## What to do:
Set down exactly the lines from the first line of the records through the line that contains "In this article, we", and leave every picture out.

Collection entries:
========

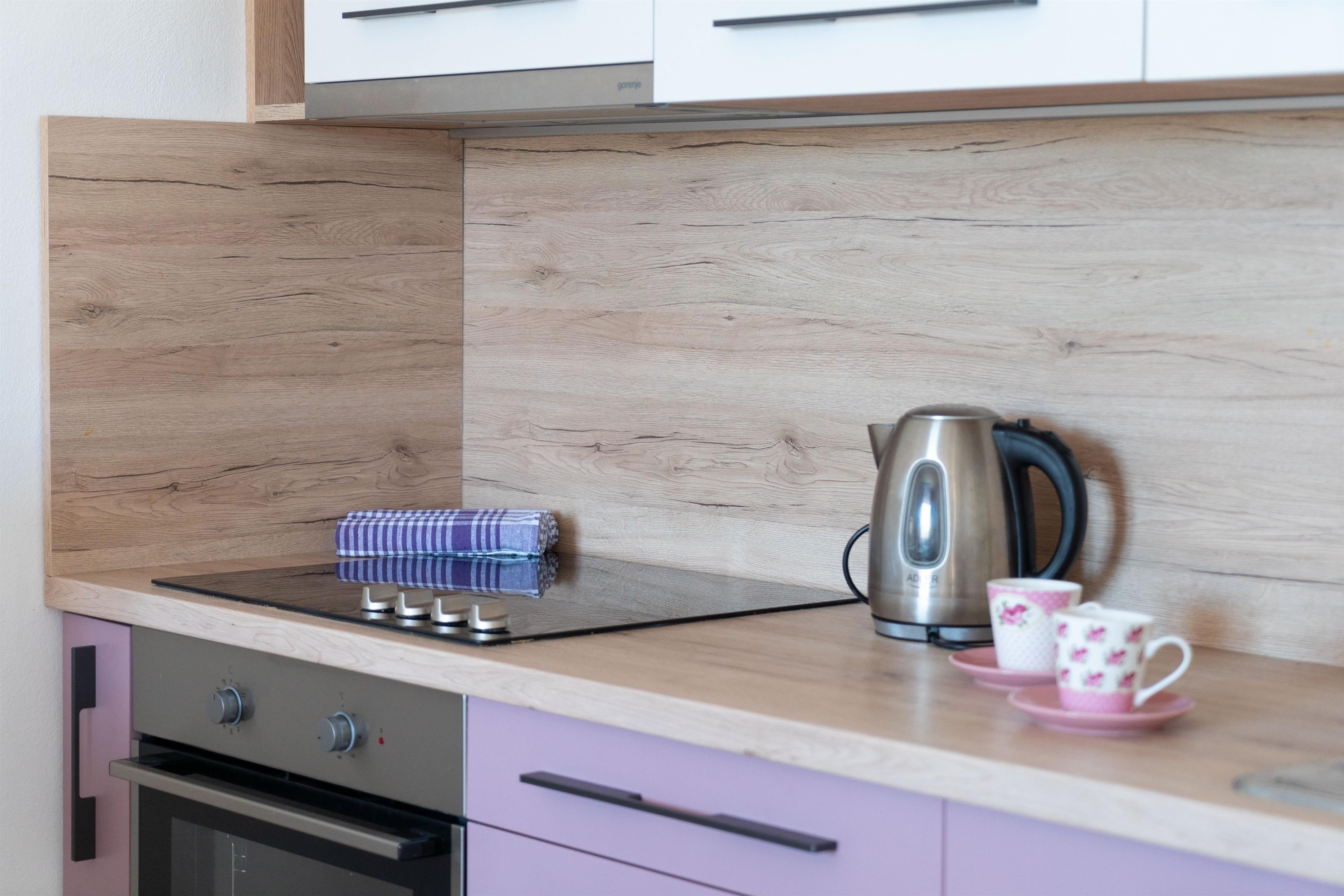 Kitchen (5 m2): Standard equipment: Refrigerator, Stove, Sink, Additional equipment: Combined refrigerator/freezer, Dishwasher, Oven, On request: Microwave oven, Water kettle
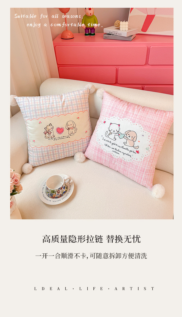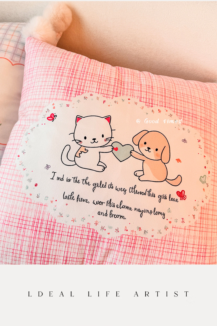 La amistad entre gatos y perros, almohada, funda de almohada, sofá de sala de estar, almohada, impresión de cabecera, almohada de cintura abstracta, bola de pelo
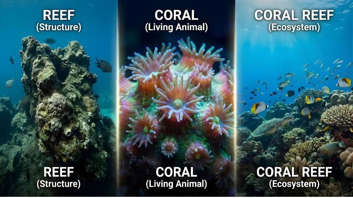 In this article, we are going to learn about each term, how they are connected, their differences, and why coral reefs are so important for both nature and human communities.
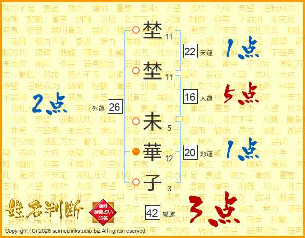生活面を象徴する運勢です。外部から受ける影響力を表し、結婚運、家庭運や職場、環境への順応性を表します。総運から人運を引いた画数。姓や名が1文字の場合を除く。
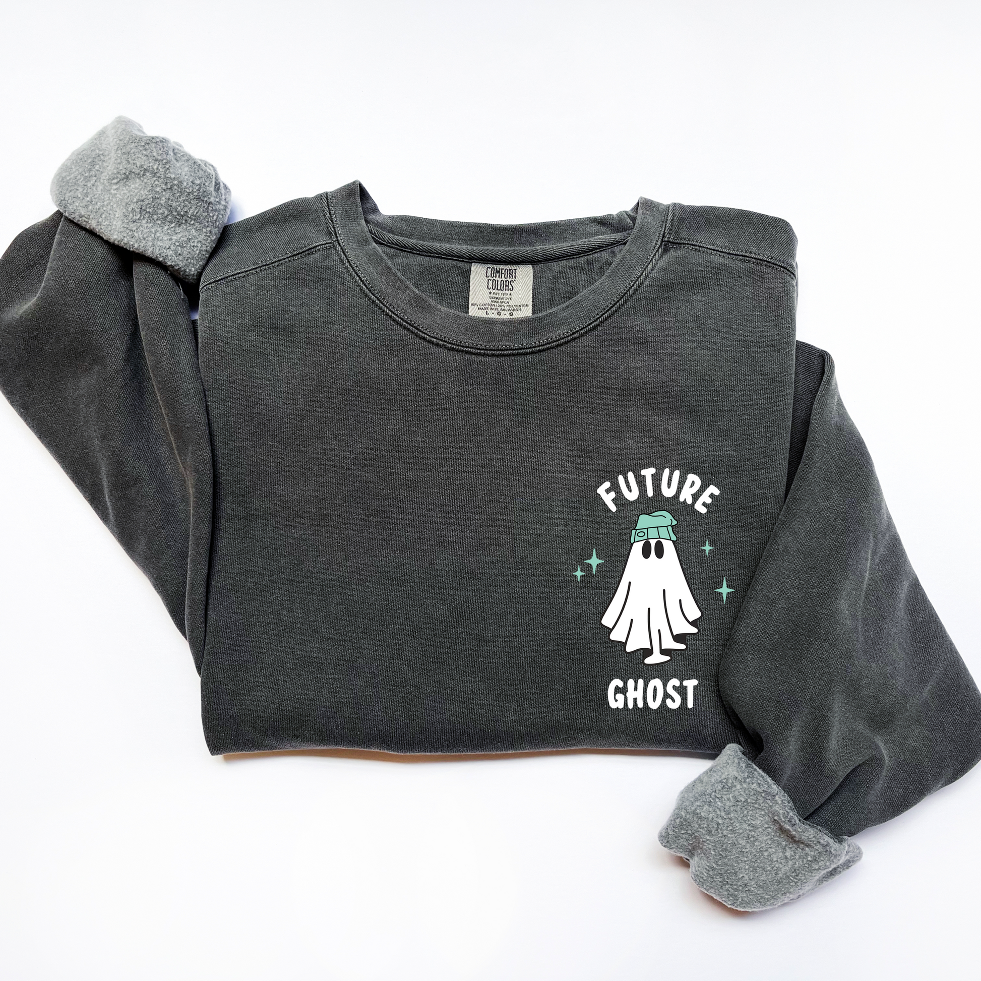 Boo-tiful things take time! Made for all the future ghosts in training while keeping you cute and comfy! These cozy sweatshirts have a slightly oversized fit. Roomy enough for easy layering, yet stylish enough to wear on its own.

========

## Solution to the exercise:
 Kitchen (5 m2): Standard equipment: Refrigerator, Stove, Sink, Additional equipment: Combined refrigerator/freezer, Dishwasher, Oven, On request: Microwave oven, Water kettle
 La amistad entre gatos y perros, almohada, funda de almohada, sofá de sala de estar, almohada, impresión de cabecera, almohada de cintura abstracta, bola de pelo
 In this article, we are going to learn about each term, how they are connected, their differences, and why coral reefs are so important for both nature and human communities.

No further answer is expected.